Image

Prosedur dan Standarisasi Pengawasan Proyek Jalan Tol

Proyek jalan tol merupakan sebuah proyek yang begitu penting di Indonesia. Terutama di era pembangunan seperti saat ini, konstruksi dan proyek jalan tol menjadi sebuah proyek substansial. Karena pentingnya proyek ini, pengawasan proyek jalan tol pun benar-benar diperhatikan baik-baik. Dan biasanya, untuk tahapan ini sudah akan melibatkan beberapa tim sekaligus demi memastikan prosedur dan juga standarisasi dari proyek konstruksi jalan tol ini sendiri.

 

Tak itu saja, proyek konstruksi jalan tol ini pun memiliki beberapa tahapan dan prosedur penting yang harus mendapat perhatian sepenuhnya. Selain itu juga, untuk proyek dan konstruksi jalan tol pun beberapa elemen akan mendapat perhatian khusus, yang sedikit banyak berbeda dengan proyek pada konstruksi yang lain.

 

Dan lagi, tim pengawasan proyek konstruksi untuk jalan ini pun biasanya adalah perusahaan pengawas konstruksi besar yang telah memenangkan persaingan tender atau lelang proyek ini sendiri. Tak heran bila sudah begini, jaminan ketepatan dan kepatuhan pada prosedur pun benar-benar menjadi perhatian. Baca juga Pembangunan dan Pengawasan Proyek Hotel.

 

Pengawasan Proyek Jalan Tol yang Perlu Dipahami

 

Seperti pada pengawasan proyek konstruksi yang lain, pengawasan proyek jalan tol pun sudah mulai berlangsung sejak tahapan perencanaan.
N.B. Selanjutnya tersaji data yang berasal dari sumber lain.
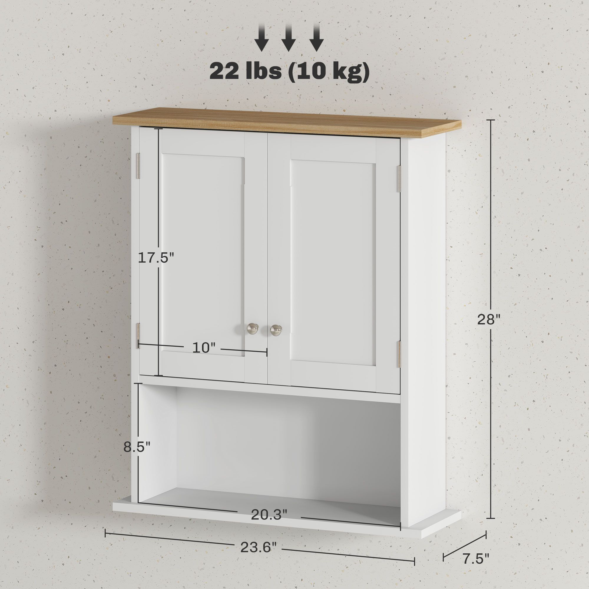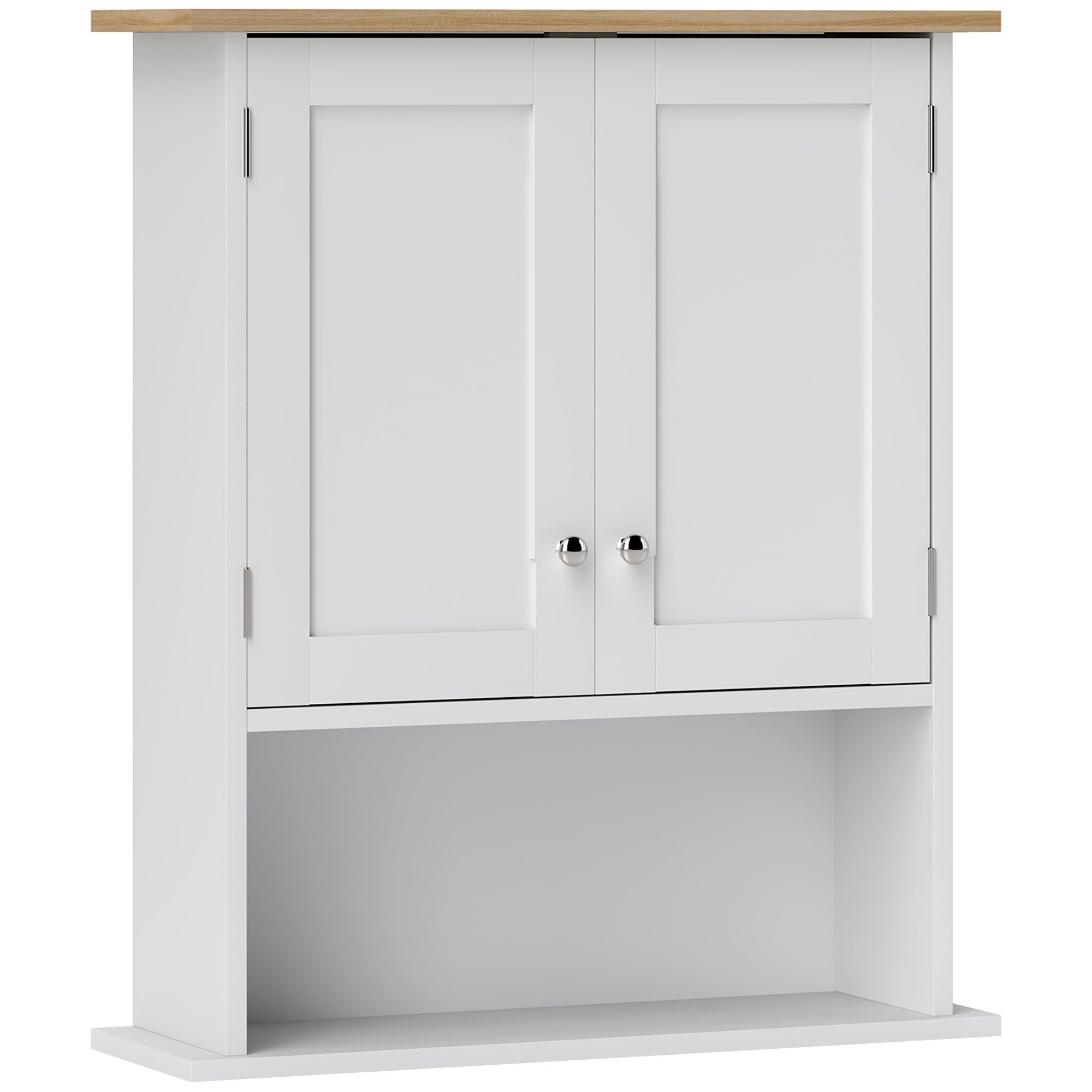Maximize your bathroom's style and storage with a bathroom wall cabinet from HOMCOM. This chic, space-saving solution features a 2-tier cabinet with adjustable shelving and an open shelf to help stow essentials. Its modern white finish, recessed panels, and oak-toned top blend functionality with elegance, making it a great wall mount cabinet for any contemporary space.

Disini, biasanya proyek akan mulai masuk tahapan rencana setelah melalui proses panjang sebelumnya, salah satunya lelang atau tender proyek yang dilakukan oleh pemilik dan investor proyek dengan sederet tim di konstruksi, mulai dari tim pelaksana konstruksi, tim kontraktor, tim pengawas proyek, hingga konsultan manajemen proyek.

 

Ada beberapa prosedur dan standarisasi yang harus diperhatikan oleh pengawasan proyek jalan tol. Beberapa seperti yang disebutkan dalam daftar yang diringkas dibawah ini.

 

Persiapan

 

Prosedur pengawasan proyek jalan tol pertama adalah persiapan. Di prosedur tahapan yang pertama ini, ada beberapa jenis perkerjaan dan tugas yang harus dilakukan. Dan kesemuanya berada dalam tim pengawasan proyek jalan tol.

 

Pematokan dan pengukuran

Prosedur ini penting dan tim pengawas pun harus memastikan pematokan dan pengukuran sesuai dengan peraturan, sistem bangun kota dan bangun ruang, serta efisiensi dari pembangunan jalan tol nantinya.

 

Survey kelayakan struktural konstruksi perkerasan

Hal yang kedua ini pun harus berada dalam patokan dari pengawas proyek atau konstruksi jalan tol. Dimana survey kelayakan ini akan sangat berpengaruh dengan pengerjaan proyek dan berlangsungnya proyek jalan tol kedepannya

 

Penyiapan badan jalan

Ini adalah tugas ketiga yang berada dalam pengawasan proyek. Mulai dari pembersihan area, pengaturan masuk keluarnya kendaraan berat, hingga pengalihan lalu lintas harus sesuai prosedur yang dimiliki.

 

Galian

 

Prosedur kedua pengerjaan adalah galian. Tahapan prosedur ini adalah persiapan sebelum masuk ke dalam pelaksanaan proyek. Pengerjaan galian ini penting untuk mendapatkan contour tanah yang diinginkan oleh arsitek dan drawer. Selain itu, pengawasan proyek pun harus memperhatikan bagaimana berlangsungnya prosedur pengerjaan galian ini, apakah sesuai dengan standarisasi atau justru terjadi kemungkinan kecelakaan atau bahaya lain.

 

Timbunan

 

Prosedur pengerjaan timbunan adalah tahap ketiga. Setelah penggalian, pengawas proyek jalan tol bersama dengan kontraktor akan melakukan pengukuran lagi untuk melihat apakah elevasi tanah sudah sesuai dengan yang diinginkan. Pengukuran tanah ini menggunakan alat ukur (theodolit). Setelah itu baru dilakukan pengujian kepadatan tanah dengan tes kepadatan (ujiDdensity Sand Cone test).

 

Tiga prosedur awal diatas merupakan standarisasi dasar pada pengawasan proyek jalan tol yang dilakukan. Setelah itu baru akan dimulai pengawasan pada pekerjaan konstruksi dan proyek pembangunan jalan tol.